John Orwin, Chairman of the Board at CARGO, expressed the company's stance, "In connection with the Company’s review of strategic options, the Board has concluded that it is in the best interests of shareholders to cease development operations," as per CARGO's press statement. He also intended to prioritize shareholder value and pursue a permanent solution for the company's remaining assets for patient benefit. Amid this organizational pivoting, CARGO is also engaged with TD Cowen as its strategic financial advisor.
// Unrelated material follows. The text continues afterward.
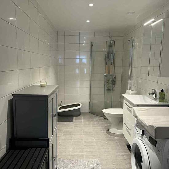 Välkommen till en fin och välplanerad lägenhet med vitmålade väggar och parkettgolv som skapar en ljus och trivsam känsla i hela hemmet. Här bor du bekvämt i ett modernt boende med hög standard och egen balkong. Köket är stilrent med vita köksluckor, vitt kakel samt mikrovågsugn, diskmaskin och bra förvaringsmöjligheter. Badrummet är fräscht med grått klinkergolv med golvvärme och vitt kakel på väggarna. Här finns dusch med dörrar, separat tvättmaskin och torktumlare, kommod under handfatet och spegelskåp med inbyggd belysning. Lägenheten ...

The trajectory for Cargo Therapeutics has sharply declined; the company’s market valuation has plummeted from its peak to now less than $200 million. From a high-achieving IPO in 2023, the latest financial turmoil paints a stark contrast, especially after a failed trial spurted safety concerns and subsequent operational halting. According to SFGate, CARGO acknowledged an accumulated deficit of $312 million and bluntly stated its bleak outlook, having "incurred significant losses since our inception, and we expect to incur losses for the foreseeable future. We have no products approved for commercial sale and may never achieve or maintain profitability."